Last Updated: 9:18 AM, February 28, 2012

A jetliner carrying 71 people wound up landing on its nose at Newark Liberty International Airport last night after its front wheel failed to deploy.

No one aboard the flight from Atlanta was hurt.

“We just thought it was the end,’’ passenger Steve Parowski told the Star Ledger of Newark.

“I just sent a text to my sons letting them know that I loved them and I hoped everything worked out.’’

As soon as he got off the plane, he sent another text:

“I landed and I’m alive.’’

Cockpit instruments had indicated that there was a problem with the gear.

That was confirmed by controllers when the plane flew past the tower.

“The nose gear is not down,’’ a controller told the pilot, according to paper. “You got no nose gear.’’

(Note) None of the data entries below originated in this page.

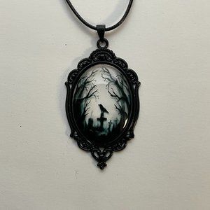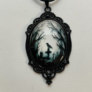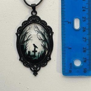 Gothic Crow Raven Necklace Cemetery Pendant Halloween Goth Pagan Victorian Jewel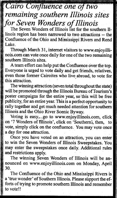 ...to vote. No...not the Cairo City Elections! It's the final chance to make the Cairo Confluence one of the "Seven Wonders of Illinois". From the Cairo Citizen...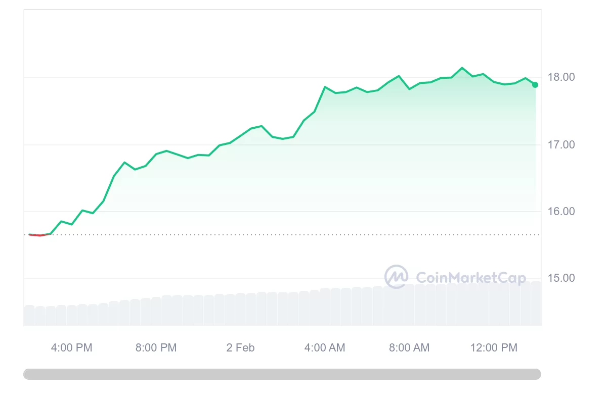 Dünyanın en büyük 13. kripto para birimi, 3 Nisan 2022’den bu yana en yüksek seviyesi olan 18 doların üzerine çıktı.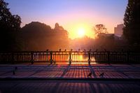 Prachtige sfeervolle opname tijdens zonsopkomst van een brug met duiven erop in Amsterdam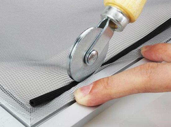 1、拆下旧纱。最好找宽敞的空地进行操作,避免窗纱上的灰尘污染家具,操作起来也不会意外碰撞到屋内设施。另外,如果原有压条弹性较好且没有明显老化,可以考虑继续使用。 2、安装压条。如下图所示,看上去比较简单,但一定要注意不要让压纱工具伤到内侧纱料,否则整块纱就废掉了。如果不熟练可以先用旧窗纱练练手,确保熟练之后再装新纱。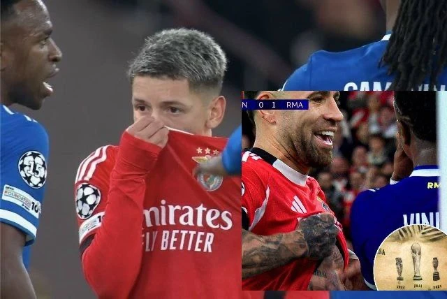 🤯 В матче Лиги Чемпионов Винисиус Джуниор забил гол красивым обводящим ударом и побежал его праздновать перед обозлёнными фанатами «Бенфики», что разумеется спровоцировало конфликт - в одном из эпизодов футболист «Бенфики»Престианни прикрылся футболкой и обозвал Винисиуса.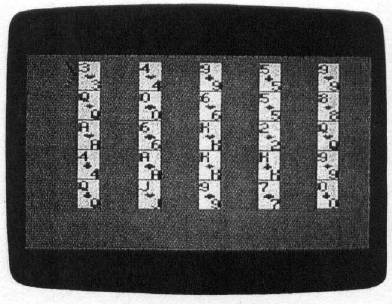 Program 6, for Atari eight-bit computers, uses the cursor keys (either alone or in combination with the CTRL key) to move the cursor. Press RETURN to select a card. Press Q at any time to start a new game.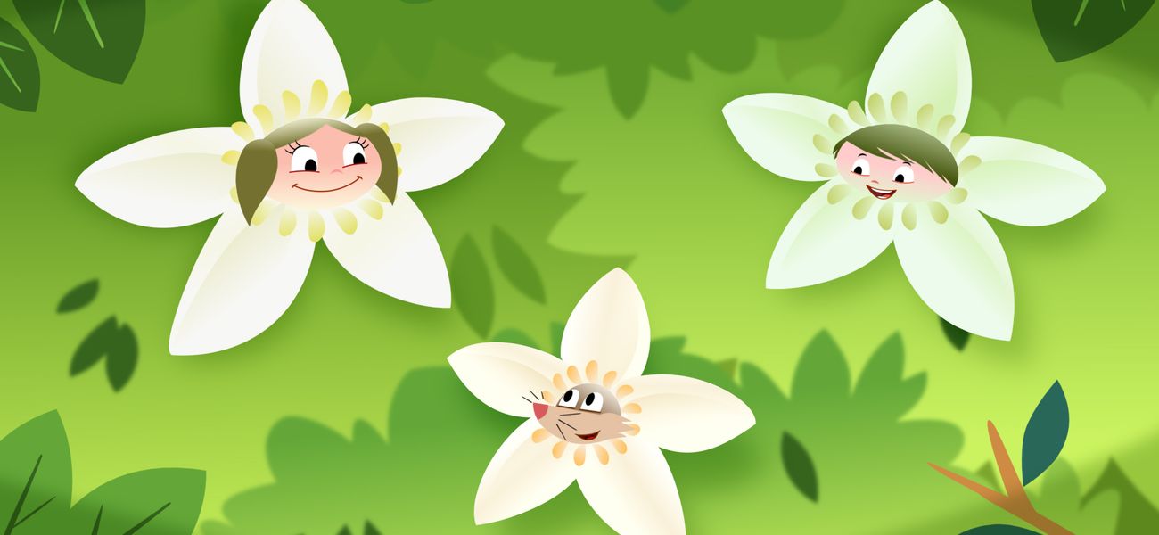 Having found some orange blossoms, our friends learn that oranges come from orange blossoms. How does a flower become a fruit? They'll find out once they've turned into flowers.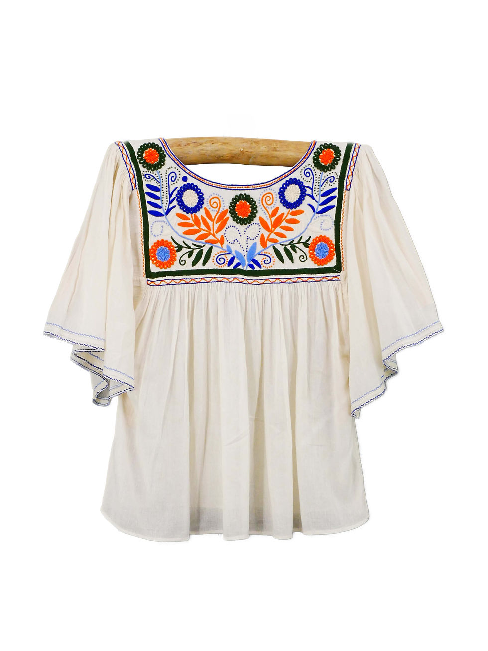 Les broderies sont placées avec soin sur le buste, les manches ou l’ourlet, composant un équilibre graphique propre à chaque pièce. Motifs floraux stylisés, marguerites ou papillons s’expriment en fil ton sur ton ou en couleurs vives, toujours brodés à la main. Chaque variation témoigne de la main de l’artisane, et confère à chaque blouse son unicité.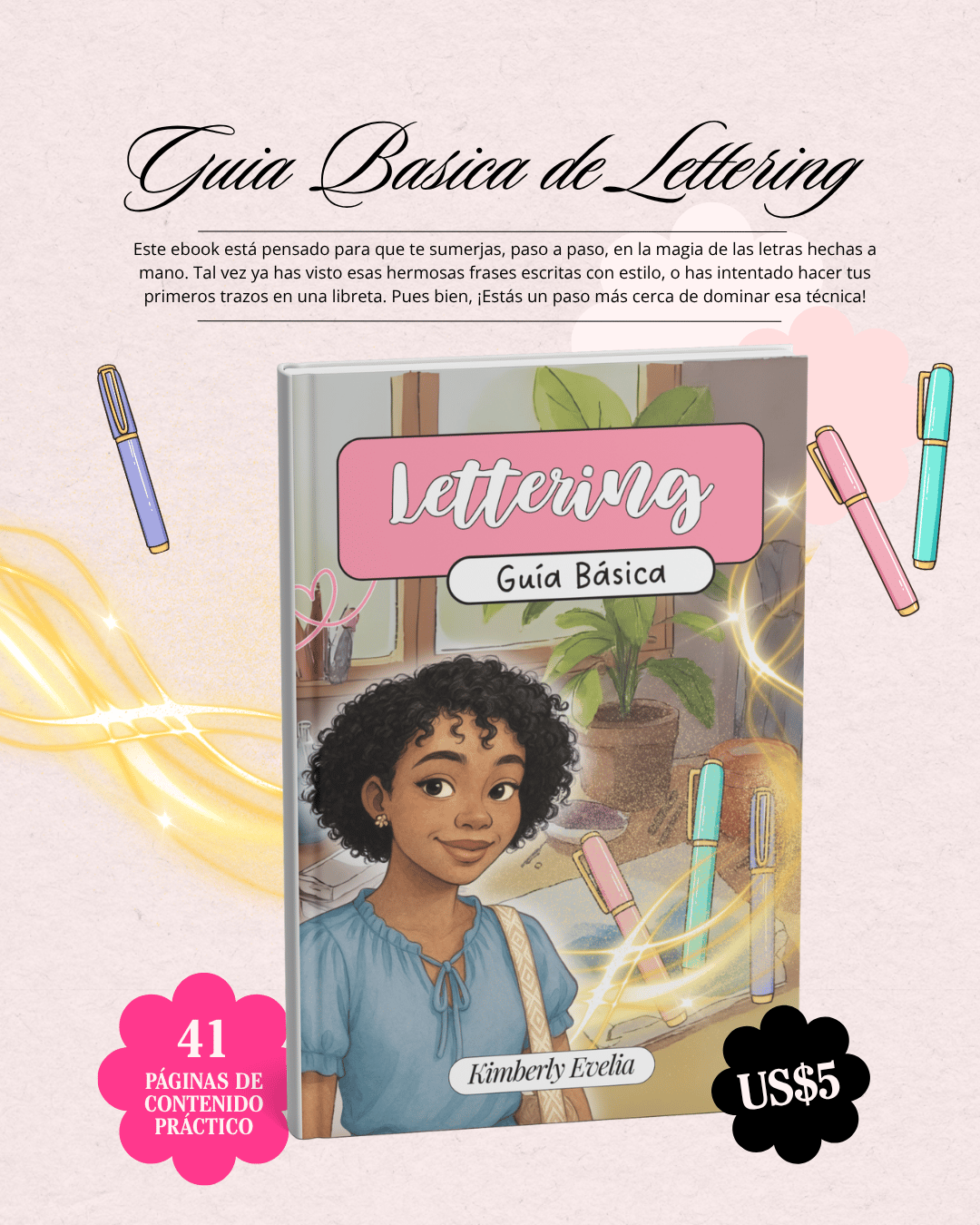 Con mi Guía Básica de Lettering aprenderás, paso a paso, a crear letras hechas a mano con estilo, fluidez y mucha personalidad. 🖋️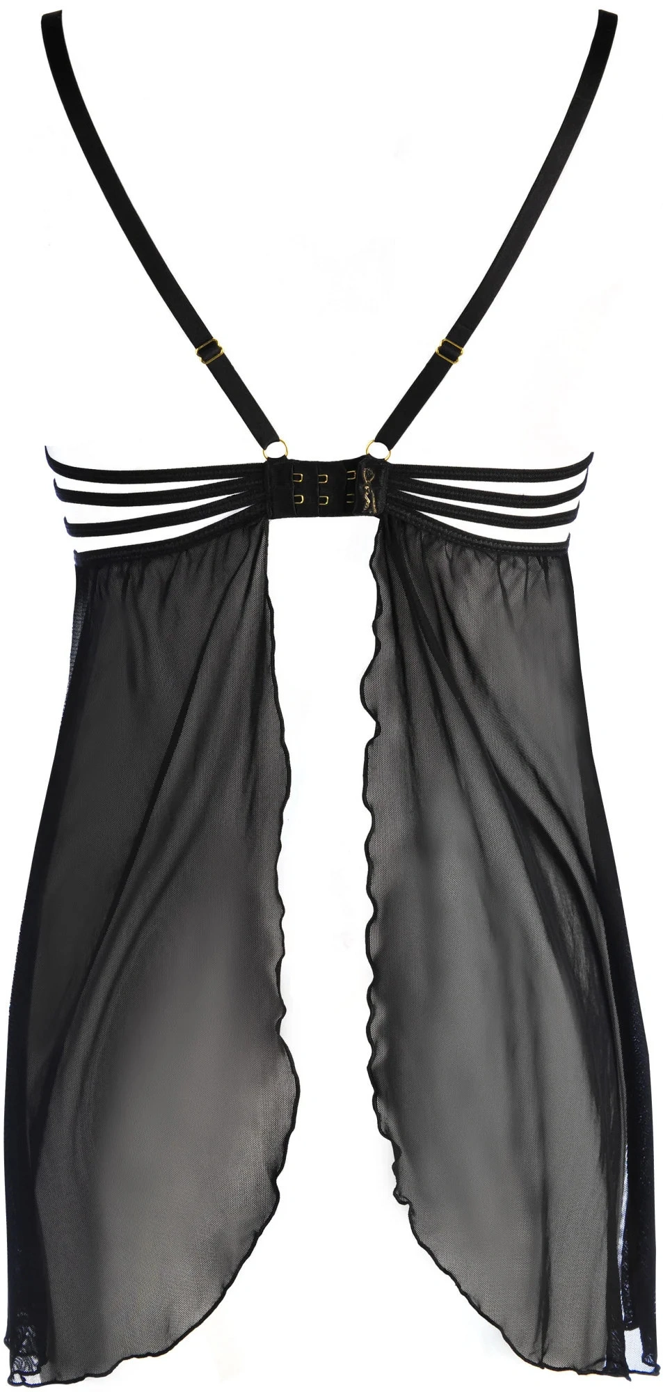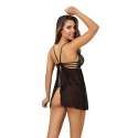 Splývavá a lehká košilka s vestavěnou krajkovou částí na poprsí je absolutním poutačem na úžasné chvíle ve dvou! Spodní část je vyrobena z jemného tylu, který obepne vaše tělo i smysly. Košilka se zapíná na dvouřadový háček, pod košíčky jsou zabudované zpevňující drátky. Do soupravy s tangy vyrobenými rovněž z tylu a krajky tohoto střihu.

Parowski, who lives in Franklin Lakes, told the Ledger passengers were alerted to the impending rough landing when the plane was still about 45 minutes out.

He said the tense minutes before the 6:20 p.m. landing were spent circling the area — including the airport, where passengers saw emergency vehicles waiting — as the crew provided emergency instructions.

The airport shut down as fire and other rescue crews raced to the runway when the Brazilian-made Embraer 170 touched down and came to a halt with the pilot holding the nose in the air for as long as possible.

Then the nose dropped to the runway, Parowski said, and ground crews sprayed the plane with foam to prevent a fire.

The plane filled with acrid smoke and the passengers were ordered to exit using emergency inflatable chutes.

But at least one passenger was amazingly blasé about the scary situation.

“I’ve had rougher landings than that,’’ Angela Nickerson of Seattle, told the Star Ledger.

The plane, operated by United Shuttle Air Express, carried 67 passengers and four crew members.

Two of the airport’s runways were shut as a precaution, authorities said, but were reopened within an hour.

The National Transportation Safety Board said it will investigate.

The problem was believed to be with the plane’s hydraulics.